Adolphe Nshimirimana devient le chef d’état major adjoint de la Force de Défense Nationale. Après les élections de 2005, il est nommé patron des renseignements. Un poste qu’il occupa pendant 10 ans et à son actif, il aura veillé à la sécurité du président élu. Ce qui permet au président Nkurunziza de terminer quasiment deux mandats. Une première dans les annales nationales. Il quitte le poste pour devenir un conseiller spécial chargé de missions à la présidence de la République. Il se fait plus discret mais demeure au four et moulin, au service de la République.
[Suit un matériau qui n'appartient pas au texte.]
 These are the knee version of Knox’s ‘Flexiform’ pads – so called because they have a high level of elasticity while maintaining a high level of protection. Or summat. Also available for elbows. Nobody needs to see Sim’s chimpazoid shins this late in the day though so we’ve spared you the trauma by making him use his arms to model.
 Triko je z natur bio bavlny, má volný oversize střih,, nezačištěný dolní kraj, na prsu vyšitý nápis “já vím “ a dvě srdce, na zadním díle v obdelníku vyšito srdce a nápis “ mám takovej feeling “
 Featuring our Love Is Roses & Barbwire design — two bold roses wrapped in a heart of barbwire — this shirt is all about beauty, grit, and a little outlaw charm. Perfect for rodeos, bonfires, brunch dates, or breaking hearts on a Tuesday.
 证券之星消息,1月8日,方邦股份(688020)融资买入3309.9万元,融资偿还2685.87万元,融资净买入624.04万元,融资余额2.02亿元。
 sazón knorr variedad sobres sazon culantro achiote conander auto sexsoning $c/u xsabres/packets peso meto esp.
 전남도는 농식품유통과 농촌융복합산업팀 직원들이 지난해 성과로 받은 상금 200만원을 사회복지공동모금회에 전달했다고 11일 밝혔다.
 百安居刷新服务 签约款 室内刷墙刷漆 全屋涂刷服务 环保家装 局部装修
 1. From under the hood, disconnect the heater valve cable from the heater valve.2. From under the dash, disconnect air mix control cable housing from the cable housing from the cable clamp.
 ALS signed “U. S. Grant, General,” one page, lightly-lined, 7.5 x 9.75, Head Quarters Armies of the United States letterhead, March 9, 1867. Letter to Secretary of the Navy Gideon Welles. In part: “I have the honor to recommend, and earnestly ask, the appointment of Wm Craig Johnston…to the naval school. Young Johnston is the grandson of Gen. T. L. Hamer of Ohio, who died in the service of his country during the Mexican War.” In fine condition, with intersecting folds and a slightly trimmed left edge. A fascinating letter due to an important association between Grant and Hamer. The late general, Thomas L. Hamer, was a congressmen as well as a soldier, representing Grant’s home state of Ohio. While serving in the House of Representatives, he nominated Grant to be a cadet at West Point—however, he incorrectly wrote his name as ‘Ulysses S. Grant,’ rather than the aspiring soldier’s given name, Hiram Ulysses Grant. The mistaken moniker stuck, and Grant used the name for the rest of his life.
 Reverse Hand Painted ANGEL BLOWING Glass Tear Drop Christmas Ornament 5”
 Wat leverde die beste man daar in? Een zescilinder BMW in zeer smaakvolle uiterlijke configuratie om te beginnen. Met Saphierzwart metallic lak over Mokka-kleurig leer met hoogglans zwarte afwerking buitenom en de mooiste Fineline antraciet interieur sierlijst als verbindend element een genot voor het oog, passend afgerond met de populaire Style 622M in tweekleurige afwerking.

Même si ceux qui le détestent ont fait croire qu’il était un tueur froid, les témoignages des gens de toutes ethnies commencent à être rendus publics pour dire qu’il était plus un citoyen clairvoyant et méticuleux qu’un homme de terreur. Sa réputation de combattant habile et tenace en faisait un homme craint: un mythe vivant! C’était une fierté pour la population de Kamenge où il aimait passer le gros de son temps, un grand protecteur pour les natifs de Gitega car ses parents venaient de Gishubi (où il a appuyé la construction d’un stade et d’un village de la paix). Il appelait ses voisins de Gishubi ” Abumvakare” en référence au dynamisme de ses admirateurs au travail surtout d’intérêt communautaire.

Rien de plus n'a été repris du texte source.